Closed wbprice closed 10 years ago
Are you finding a listing for the restaurant with no inspection data specifically or just no listing for the restaurant at all? I'm having trouble finding these restaurants at all in the MongoDB. Either way it sounds like missing data since I've verified that both of these are on the Healthspace site and have inspections. Strange since we have quite a few vendors for Virginia Beach. I will run the scraper again today to see if it picks up anything.
Well, shoot. Just discovered a major flaw in the scraper design. We've still got more work to do before the database is complete.
What is it??
On Sunday, May 4, 2014, Tommy Tavenner notifications@github.com wrote:
Well, shoot. Just discovered a major flaw in the scraper design. We've still got more work to do before the database is complete.
— Reply to this email directly or view it on GitHubhttps://github.com/c4hrva/open-health-inspection-app/issues/43#issuecomment-42132056 .
The query system behind the Healthspace site has a hard limit of 1,000 results returned. So in places with more than 1,000 vendors, querying for 10,000 results ('Count=10000') still only returns the first 1,000. You need to iterate over the page using a 'start=' variable until the page returns 'No Results'. It should be a pretty easy fix and it should only effect a small number of cities. I am also taking it as an opportunity to update the scraper to use SmartyStreets for geocoding.

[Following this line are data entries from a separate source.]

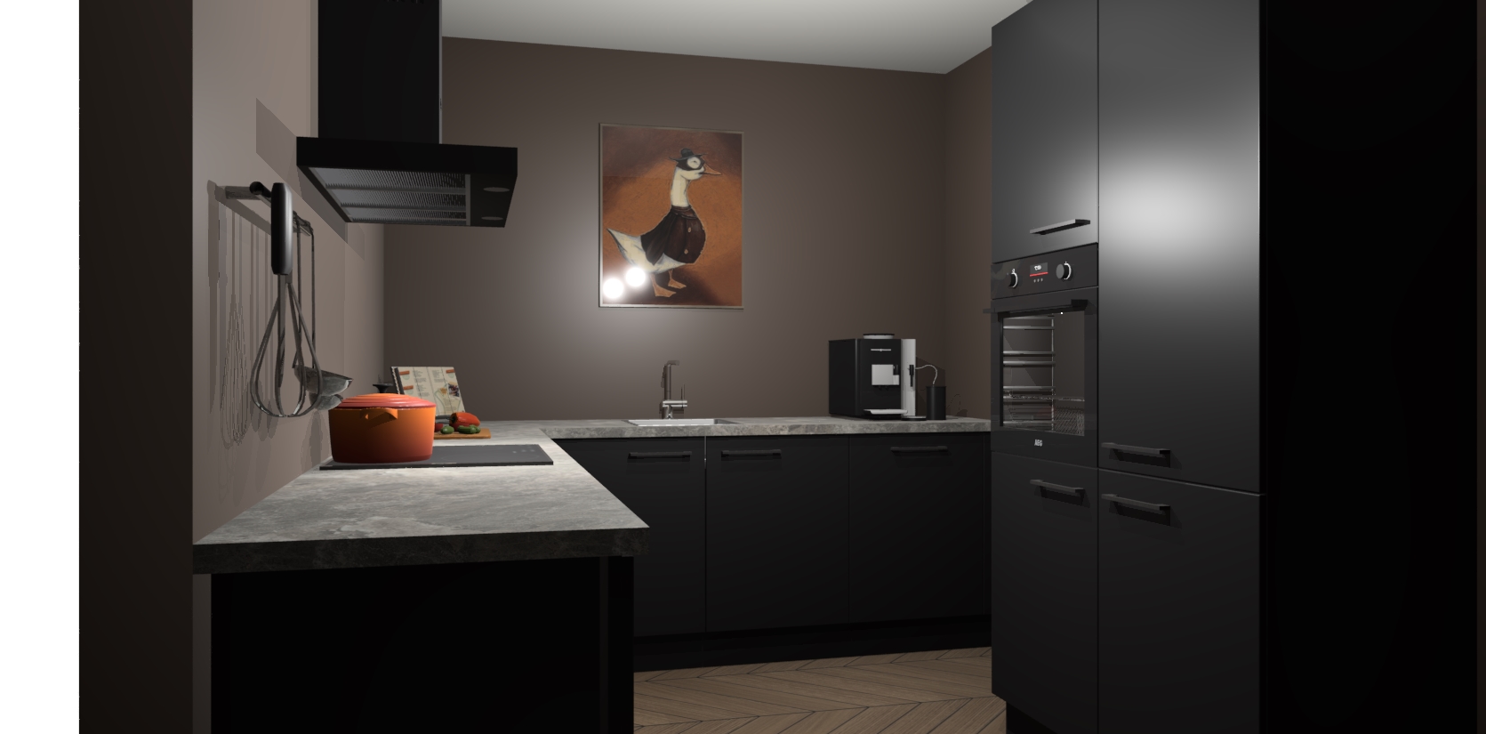 Met een modern, tijdloos design en ruime opslagruimte, zult u zich in no-time thuis voelen in uw nieuwe keuken. Uw leven wordt eenvoudiger met de soft-close deuren die voor het ultieme stille comfort zorgen - geen geluid dat u stoort terwijl u kookt. Ook is de keuken voorzien van 5 ingebouwde apparaten: een oven, inductie kookplaat, afzuigkap, vaatwasser en koelkast. Deze kunnen gemakkelijk na bestelling worden bijgewerkt naar AEG - waardoor uw luxe ervaring compleet is.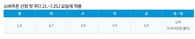 온라인・오프라인 신청이 시작되는 첫 주(7.21.~7.25.)에는 원활한 신청을 위해 출생년도 끝자리 기준으로 ‘요일제’를 적용한다.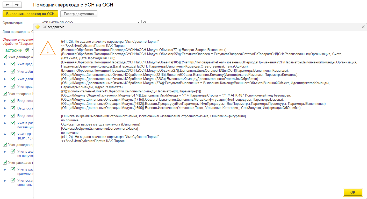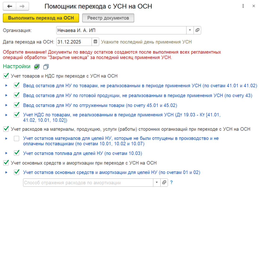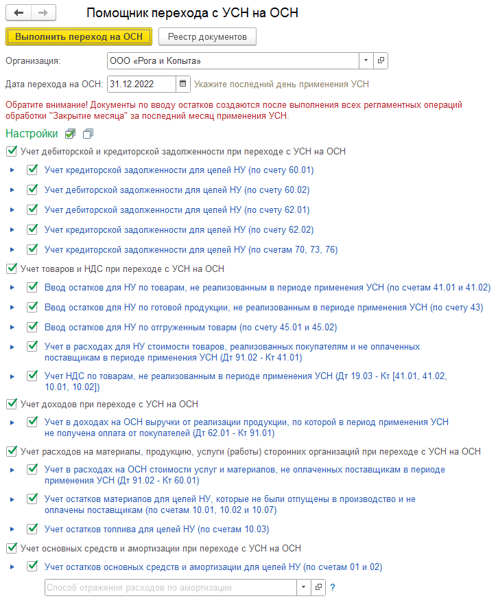 4. Нажмите кнопку Выполнить переход на ОСН.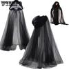 Halloween Gauze Cape with Hood Adult Full-Length Sheer Mesh Hooded Cloak Halloween Witch Cosplay Costume for Renaissance Medieval Party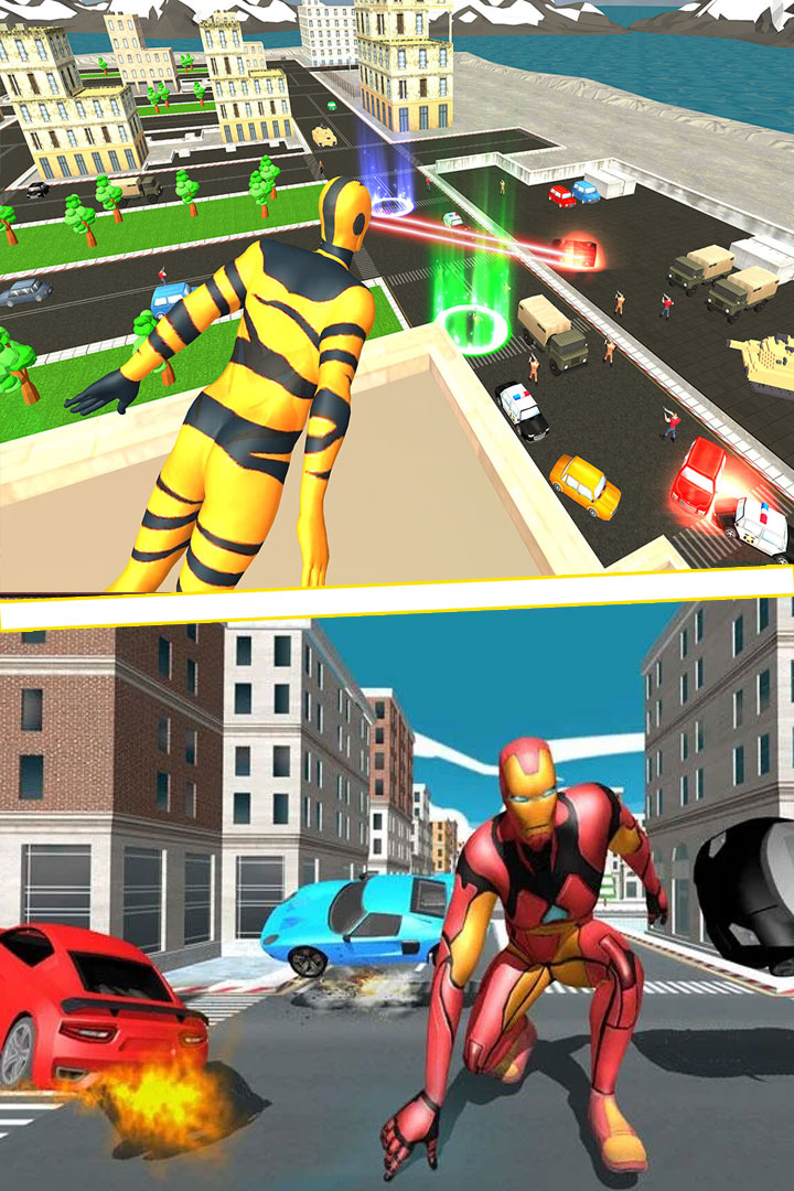 游戏中,你是超能飞行队的一名超级英雄,犹如钢铁侠超人蜘蛛侠一样,公民需要你。你将营救平民免遭危险, 打击黑帮和黑手党。帮助拥挤城市的警察维持城市的安宁, 击败歹徒。使用你的激光眼射击敌人, 并告诉他们邪不胜正;使用你的飞行技能更快地到达的地方, 及时拯救人民伙伴们,保护他们,成为他们的奇迹, 冲向敌人, 并及时把他们逮捕, 维护世界和平。记住不要伤害平民,所以, 要坚强, 追捕罪犯, 救人!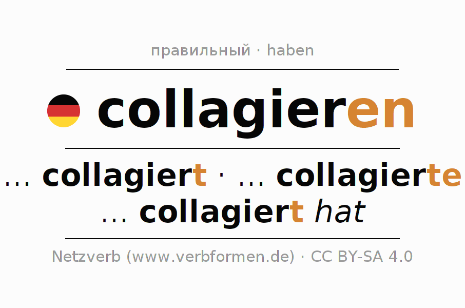 - Презенс: collagier(e) (du), collagieren wir, collagiert (ihr), collagieren Sie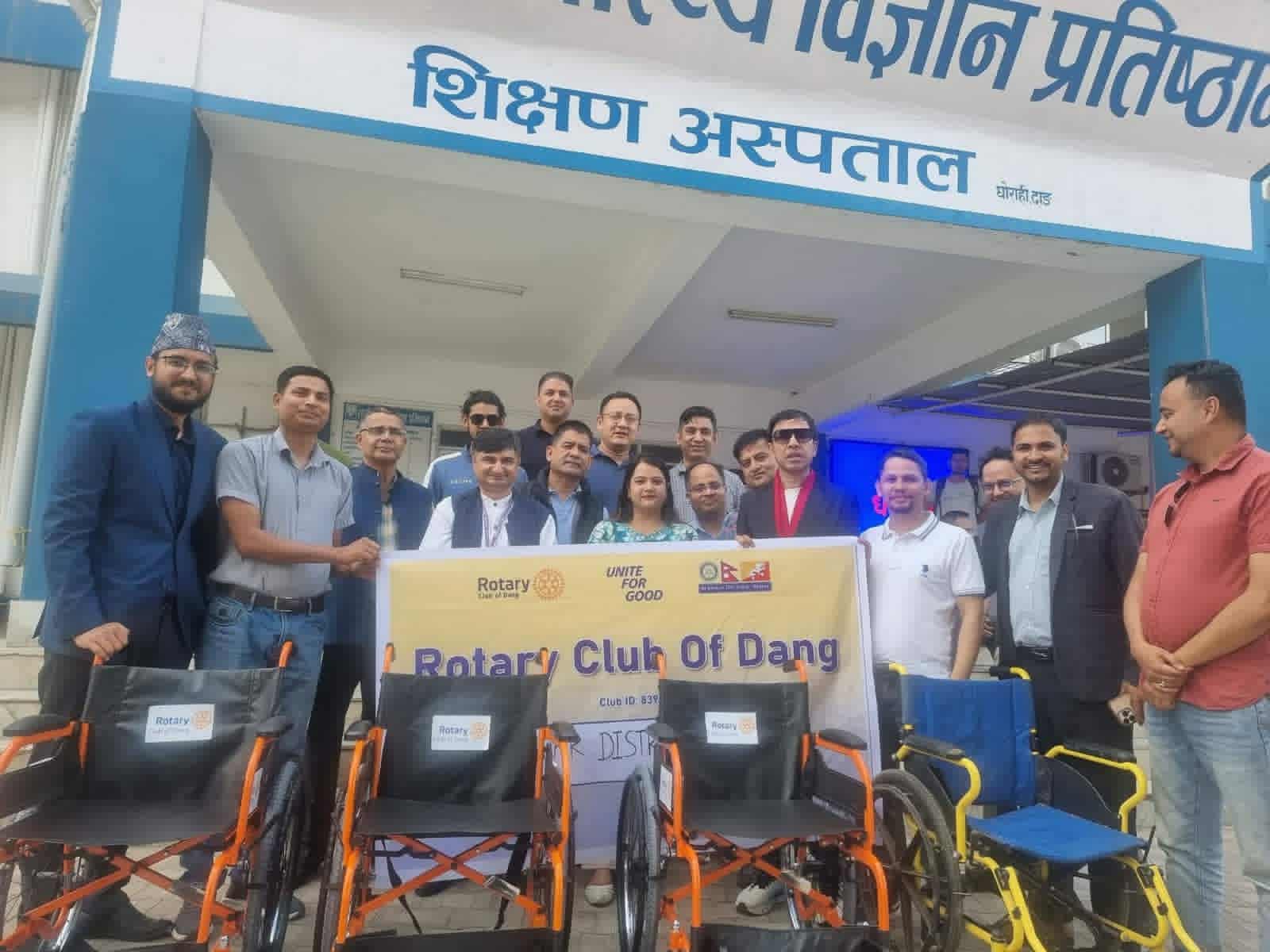 रोटरि क्लब अफ दाङले राप्ती स्वास्थ्य बिज्ञान प्रतिष्ठानलाई चार थान “ह्वीलचेयर हस्तान्तरण गरेको छ । क्लबका अध्यक्ष रोशन दाहालले प्रतिष्ठानका निमित्त उपकुलपति तथा रजिस्ट्रार प्रा। श्याम लम्साललाई हस्तान्तरण गर्नु भएको हो ।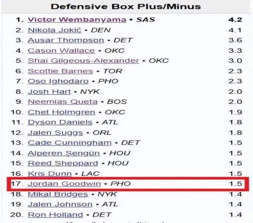 也就是說,古德溫在場(chǎng)時(shí),太陽防守接近聯(lián)盟前五水平,而當(dāng)古德溫不在場(chǎng)時(shí),太陽防守就直接掉到中下游了;而這還只是一名角色球員交出來的價(jià)值,堪稱優(yōu)質(zhì)。

Updated the scraper and re-ran it specifically on VA Beach as a test. It successfully added all the vendors between P and Z. I am re-running it for the rest of the file now.
My favorite sushi place thanks you. http://c4hrva.github.io/open-health-inspection-app/#/vendor/53664939afbfd1046cecbbfb
the app is looking sharp @wbprice, the repeat symbol took me a second to realize.
I've noticed a couple of instances where there isn't inspection data in the database for specific restaurants. As examples, I don't see anything for Pho 79 and This Old House where I live.
I wondering if this is an instance of that information just not being in the database or some other problem.